== WHAT IS REQUIRED ==
All lines in the records below from the line with "7月25日、8月1日、8月8" through the line with "La stanza singola" are to be given again exactly, both ends included; the pictures are to be left out.

== GIVEN INFORMATION ==
__________
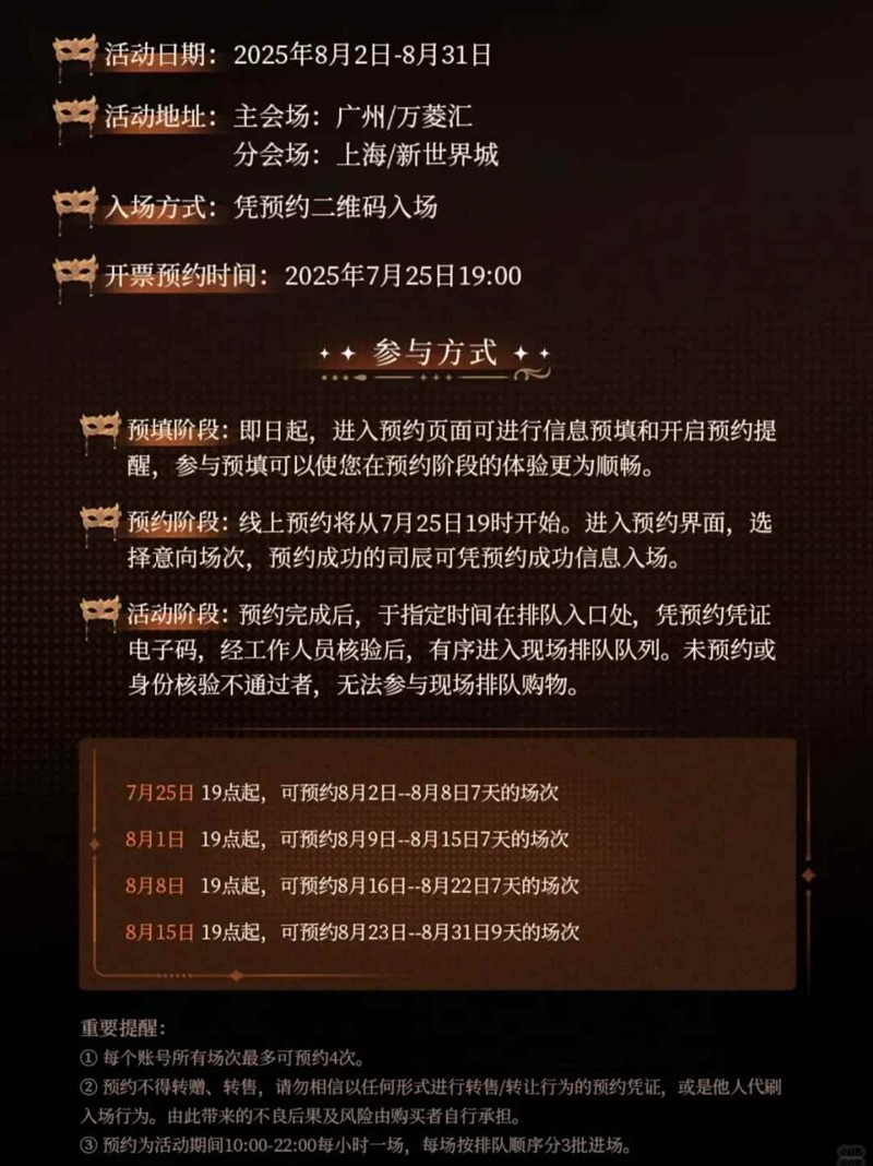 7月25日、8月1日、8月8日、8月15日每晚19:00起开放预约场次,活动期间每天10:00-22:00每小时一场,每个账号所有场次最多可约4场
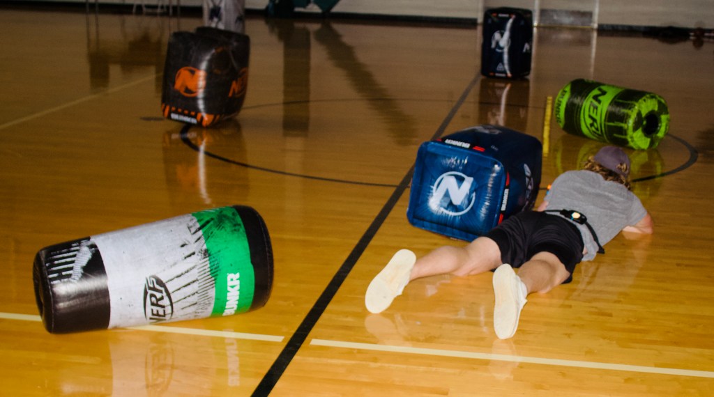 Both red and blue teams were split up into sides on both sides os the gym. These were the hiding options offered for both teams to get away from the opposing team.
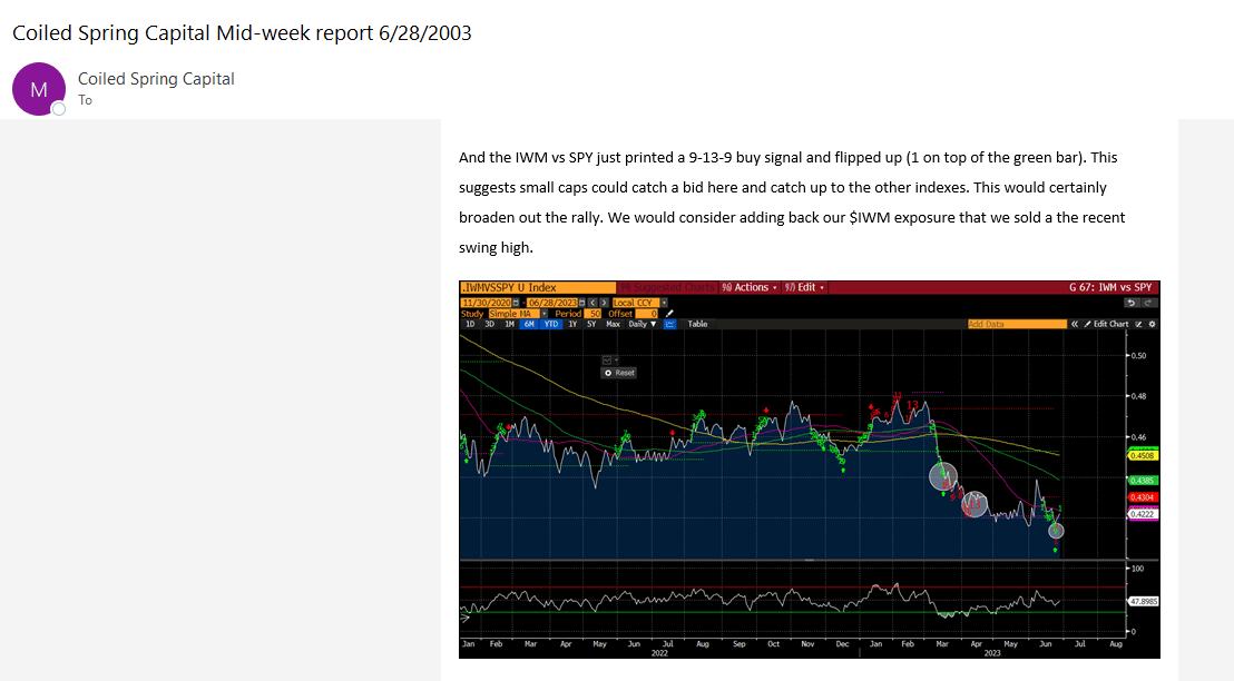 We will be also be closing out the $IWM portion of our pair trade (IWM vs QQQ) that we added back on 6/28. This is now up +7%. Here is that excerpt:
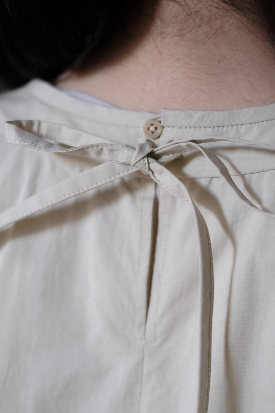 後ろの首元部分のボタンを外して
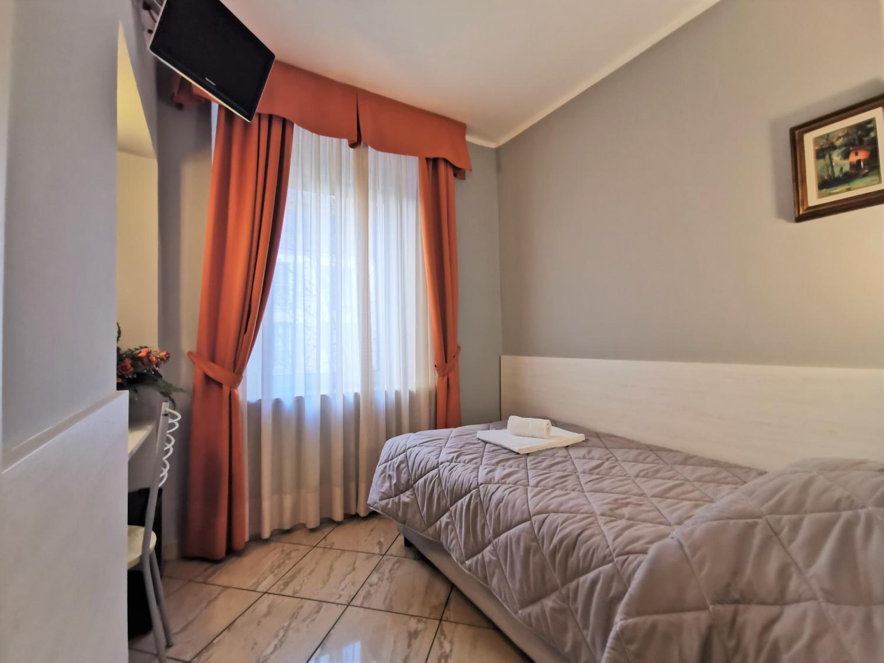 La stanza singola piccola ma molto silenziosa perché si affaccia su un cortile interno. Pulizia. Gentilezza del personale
__________
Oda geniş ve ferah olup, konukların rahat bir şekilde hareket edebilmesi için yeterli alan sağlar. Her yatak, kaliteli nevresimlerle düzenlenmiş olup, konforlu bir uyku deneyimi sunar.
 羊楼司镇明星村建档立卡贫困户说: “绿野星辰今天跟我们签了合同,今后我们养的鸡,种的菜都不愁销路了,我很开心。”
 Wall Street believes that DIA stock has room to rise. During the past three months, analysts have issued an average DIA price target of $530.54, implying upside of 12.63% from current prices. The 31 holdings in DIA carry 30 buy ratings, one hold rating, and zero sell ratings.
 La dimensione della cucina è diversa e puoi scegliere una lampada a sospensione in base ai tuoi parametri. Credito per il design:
__________
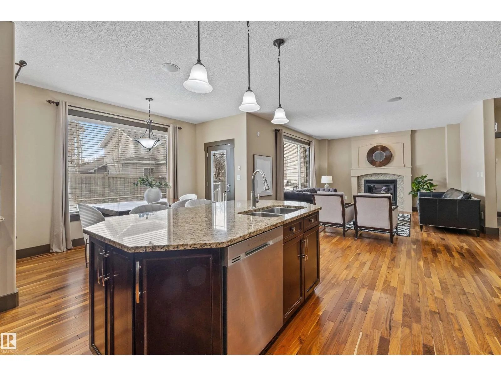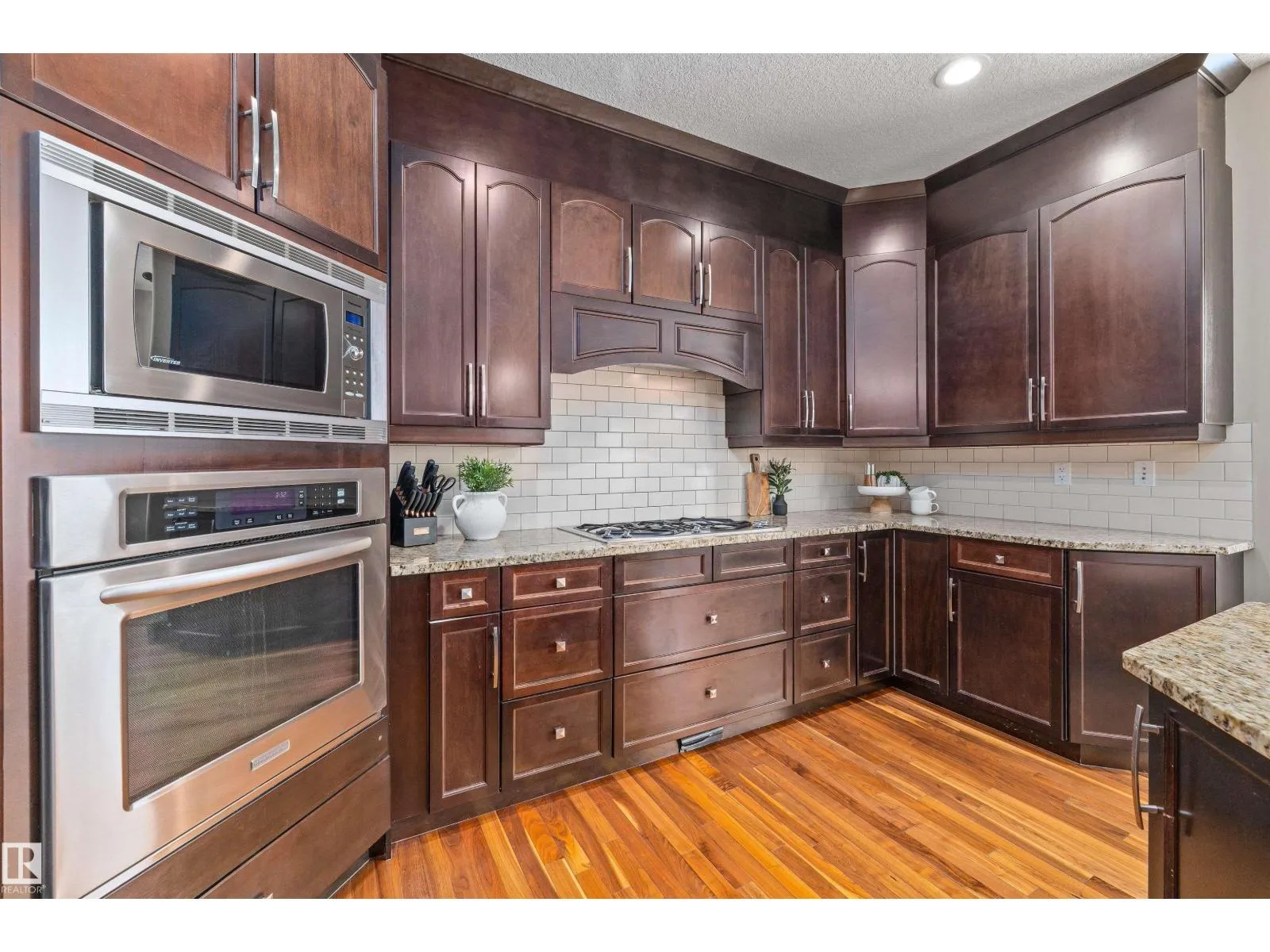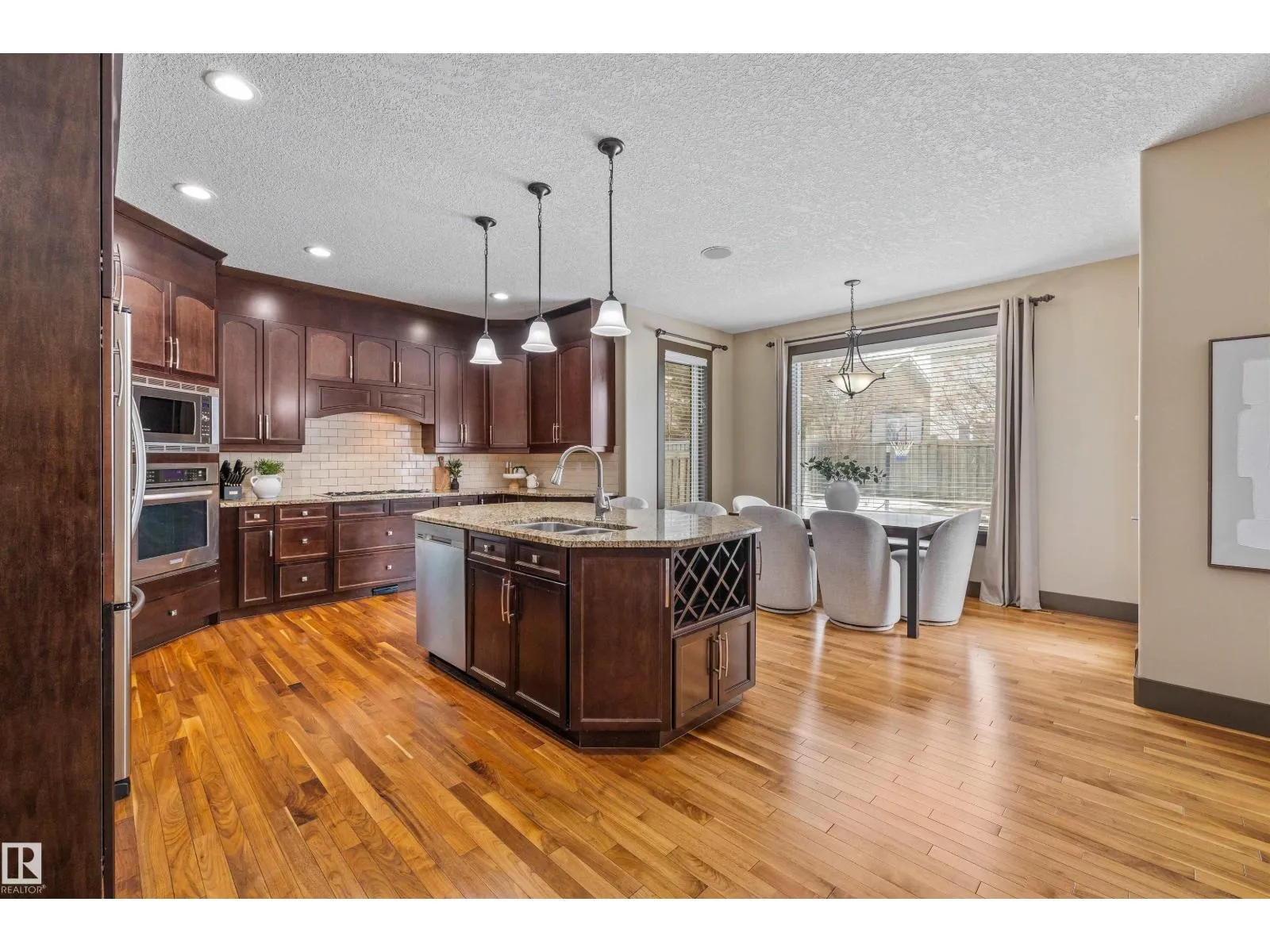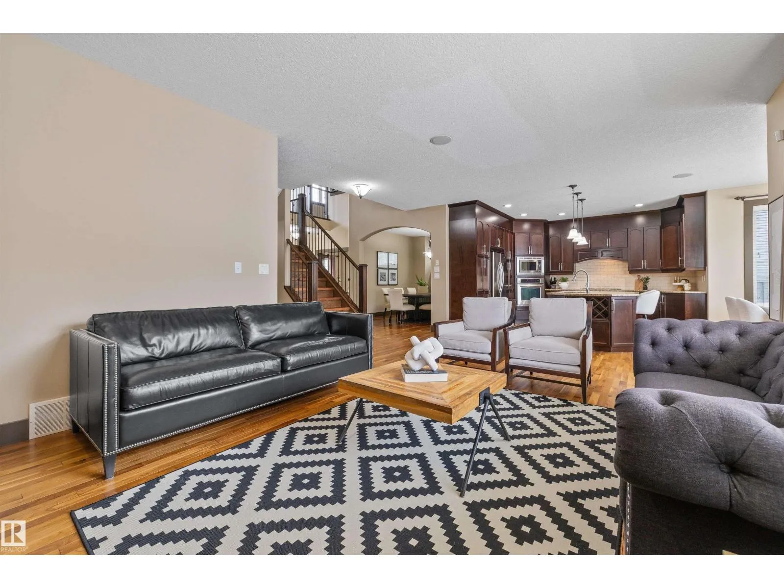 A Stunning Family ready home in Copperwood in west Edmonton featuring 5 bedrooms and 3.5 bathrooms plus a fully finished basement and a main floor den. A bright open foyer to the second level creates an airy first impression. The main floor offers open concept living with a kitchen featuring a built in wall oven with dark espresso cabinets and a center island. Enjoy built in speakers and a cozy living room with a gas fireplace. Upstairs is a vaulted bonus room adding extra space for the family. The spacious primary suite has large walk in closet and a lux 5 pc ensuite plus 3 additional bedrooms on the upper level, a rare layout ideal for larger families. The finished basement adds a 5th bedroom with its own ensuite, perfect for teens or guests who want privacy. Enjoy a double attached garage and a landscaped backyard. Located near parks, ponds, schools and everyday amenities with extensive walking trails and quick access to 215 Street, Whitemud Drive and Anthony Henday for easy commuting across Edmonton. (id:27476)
__________
== EXPECTED ANSWER ==
 7月25日、8月1日、8月8日、8月15日每晚19:00起开放预约场次,活动期间每天10:00-22:00每小时一场,每个账号所有场次最多可约4场
 Both red and blue teams were split up into sides on both sides os the gym. These were the hiding options offered for both teams to get away from the opposing team.
 We will be also be closing out the $IWM portion of our pair trade (IWM vs QQQ) that we added back on 6/28. This is now up +7%. Here is that excerpt:
 後ろの首元部分のボタンを外して
 La stanza singola piccola ma molto silenziosa perché si affaccia su un cortile interno. Pulizia. Gentilezza del personale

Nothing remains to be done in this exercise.